Your task: Every line of the listing is returned unchanged, and every picture is dropped.

Data below:
######

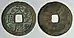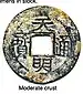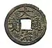 The first cash coins of the Lý dynasty produced during the reign of Emperor Lý Thái Tổ were the Thuận Thiên Đại Bảo (順天大寶), these were among the largest early Vietnamese cash coins with a diameter of 25.5 millimeters.[19][20] All known variants of this cash coin feature the Chinese character Nguyệt () on the top of their reverse sides.[19]
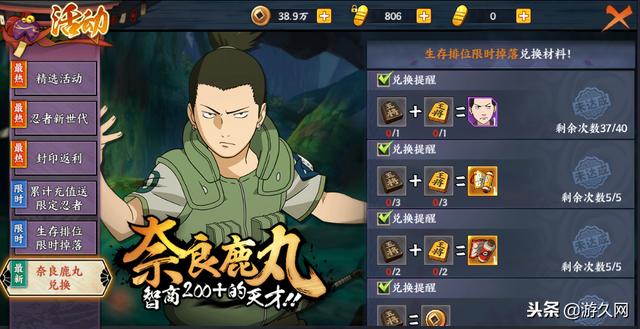 游戏中首次通关副本会送你封印碎片,通过积攒封印碎片就可以进行十连招募,这是我们第一次离高级忍者如此之近!第一次十连抽中最好的忍者应该就是鹿丸了——他可是前期唯一带有控制效果的忍者!即使没有抽到也没关系,游戏里现在有“奈良鹿丸兑换”活动,参与生存探险和排位赛玩法就能获得道具以换取鹿丸碎片。
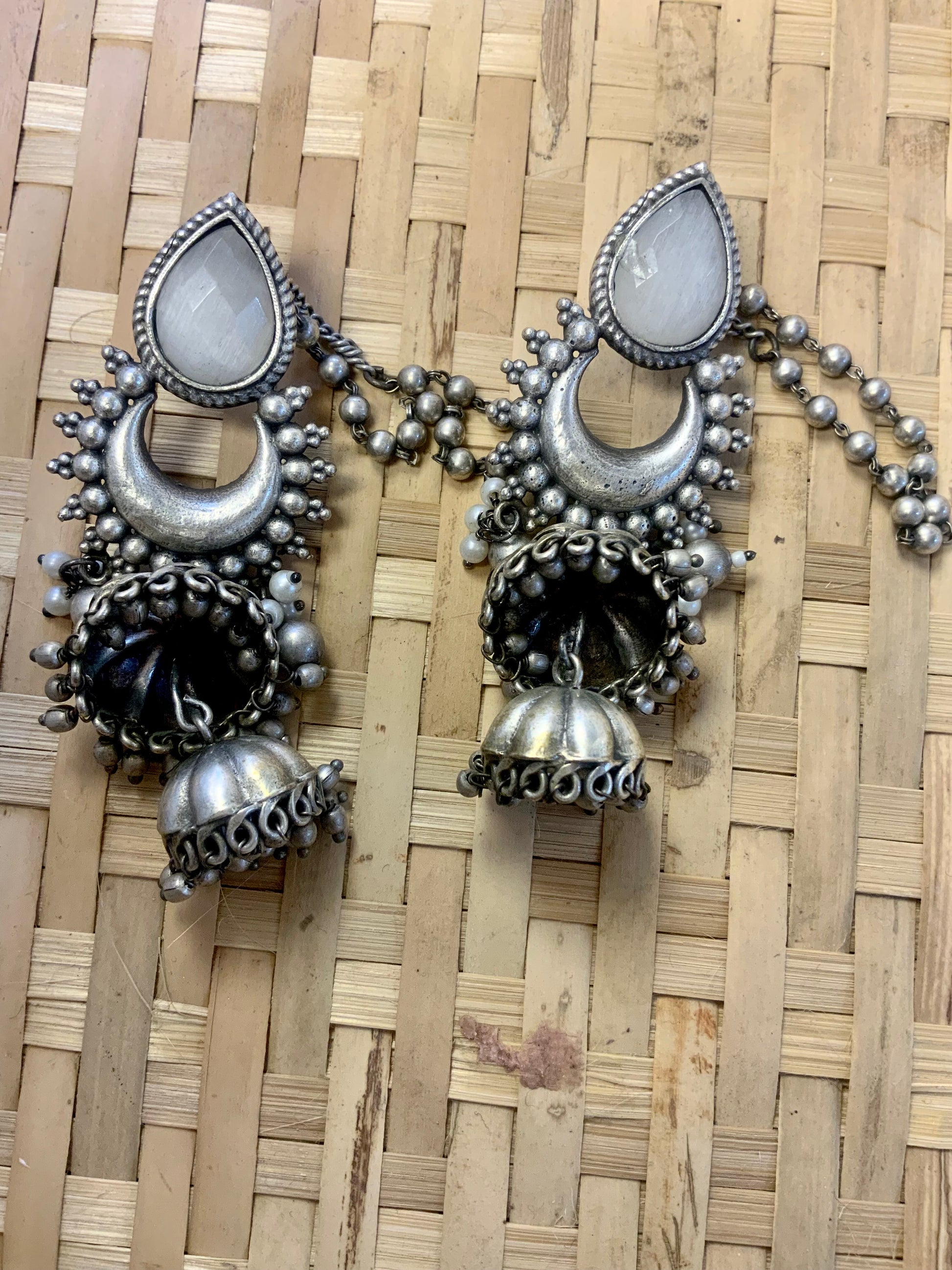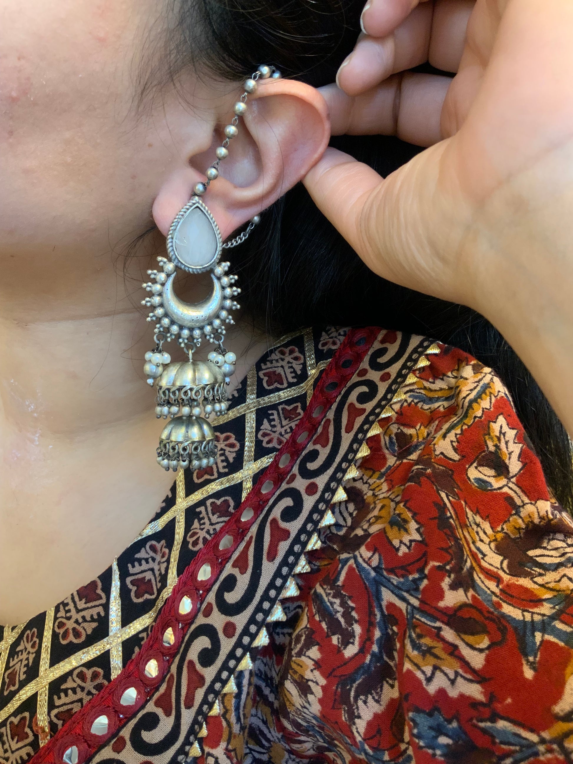 Chaand Baaliyaan captures the moonlit majesty of old-world charm. Featuring crescent moons cradled beneath textured domes and glass-stone studs, these oxidized silver earrings echo the sound of temple bells and the nostalgia of mehfils long gone. The chaand motif, beaded chains, and ghungroo details bring both movement and mystique to this heritage silhouette.

######

Your response:
 The first cash coins of the Lý dynasty produced during the reign of Emperor Lý Thái Tổ were the Thuận Thiên Đại Bảo (順天大寶), these were among the largest early Vietnamese cash coins with a diameter of 25.5 millimeters.[19][20] All known variants of this cash coin feature the Chinese character Nguyệt () on the top of their reverse sides.[19]
 游戏中首次通关副本会送你封印碎片,通过积攒封印碎片就可以进行十连招募,这是我们第一次离高级忍者如此之近!第一次十连抽中最好的忍者应该就是鹿丸了——他可是前期唯一带有控制效果的忍者!即使没有抽到也没关系,游戏里现在有“奈良鹿丸兑换”活动,参与生存探险和排位赛玩法就能获得道具以换取鹿丸碎片。
 Chaand Baaliyaan captures the moonlit majesty of old-world charm. Featuring crescent moons cradled beneath textured domes and glass-stone studs, these oxidized silver earrings echo the sound of temple bells and the nostalgia of mehfils long gone. The chaand motif, beaded chains, and ghungroo details bring both movement and mystique to this heritage silhouette.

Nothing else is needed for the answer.